Having spent a part of the night praying God to change the heart of my bishop, and keep me in the midst of my people, who were becoming dearer and dearer to me, in proportion to the efforts of the enemy to drive me away from them, I addressed the following letter to the bishop:

To the Rt. Rev. O’Regan, Bishop of Chicago.

My Lord:—The more I consider your design to turn me out of the colony which I have founded and of which I am the pastor, the more I believe it a duty which I owe to myself, my friends and to my countrymen, to protest before God and man against what you intend to do.

Not a single one of your priests stands higher than I do in the public mind, neither is more loved and respected by his people than I am. I defy my bitterest enemies to prove the contrary. And that character which is my most precious treasure you intend to despoil me of by ignominiously sending me away from among my people! Certainly, I have enemies, and I am proud of it. The chief ones are well known in this country as the most depraved of men. The cordial reception they say they have received from you, has not taken away the stains they have on their foreheads.

By this letter, I again request you to make a public and most minute inquest into my conduct. My conscience tells me that nothing can be found against me. Such a public and fair dealing with me would confound my accusers. But I speak of accusers, when I do not really know if I have any. Where are they? What are their names? Of what sin do they accuse me? All these questions, which I put to you last Tuesday, were left unanswered! and would to God that you would answer them to-day, by giving me their names. I am ready to meet them before any tribunal. Before you strike the last blow on the victim of the most hellish plot, I request you, in the name of God, to give a moment’s attention to the following consequences of my removal from this place at present.

You know I have a suit with Mr. Spink at the Urbana Court, for the beginning of October. My lawyers and witnesses are all in Kankakee and Iroquois counties; and in the very time I want most to be here to prove my innocence and guard my honor, you order me to go to a place more than 300 miles distant? Did you ever realize that by that strange conduct you help Spink against your own priest? When at Kahokia, I will have to bear the heavy expenses of traveling more than 300 miles, many times, to consult my friends, or, be deprived of their valuable help! Is it possible that you thus try to tie my hands and feet, and deliver me into the hands of my remorseless enemies?

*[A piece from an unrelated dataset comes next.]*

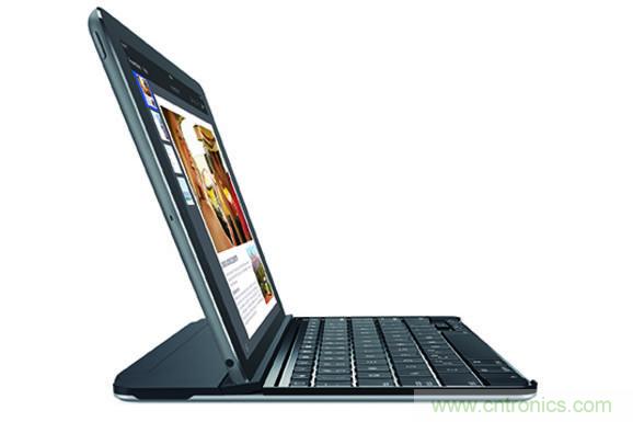 Logitech Ultrathin還帶有一個(gè)磁夾,可以快速并牢固地附著在iPad上;還有一個(gè)用戶可以調(diào)節(jié)的內(nèi)置支架,在輸入或查看時(shí)將iPad調(diào)節(jié)到最佳視角位置。

Since the beginning of that suit, Mr. Spink proclaims that you help him, and that, with the perjured priests, you have promised to do all in your power to crush me down! For the sake of the sacred character you bear, do not show so publicly that Mr. Spink’s boastings are true. For the sake of your high position in the church, do not so publicly lend a helping hand to the heartless land speculator of L’Erable. He has already betrayed his Protestant friends to get a wife; he will, ere long, betray you for less. Let me then live in peace here, till that suit is over.

By turning me away from my settlement, you destroy it. More than nine-tenths of the emigrants came here to live near me; by striking me you strike them all.

Where will you find a priest who will love that people so much as to give them, every year, from one to two thousand dollars, as I have invariably done. It is at the price of those sacrifices that, with the poorest class of emigrants from Canada, I have founded here in four years a settlement which cannot be surpassed, or even equaled, in the United States, for its progress. And now that I have spent my last cent to form this colony, you turn me out of it. Our college, where 150 boys are receiving such a good education, will be closed the very day I leave. For, you know very well the teachers I got from Montreal will leave as soon as I will.

Ah! if you are merciless towards the priest of St. Anne, have pity on these poor children. I would rather be condemned to death than to see them destroy their intelligence by running in the streets. Let me then finish my work here, and give me time to strengthen these young institutions, which would fall to the ground with me.

If you turn me out or interdict me, as you say you will do, if I disobey your orders, my enemies will proclaim that you treat me with that rigor because you have found me guilty of some great iniquity, and this necessarily will prejudice my judges against me. They will consider me as a vile criminal. For who will suppose, in this free country, that there is a class of men who can judge a man and condemn him as our Bishop of Chicago is doing to-day, without giving him the names of his accusers or telling him of what crimes he is accused.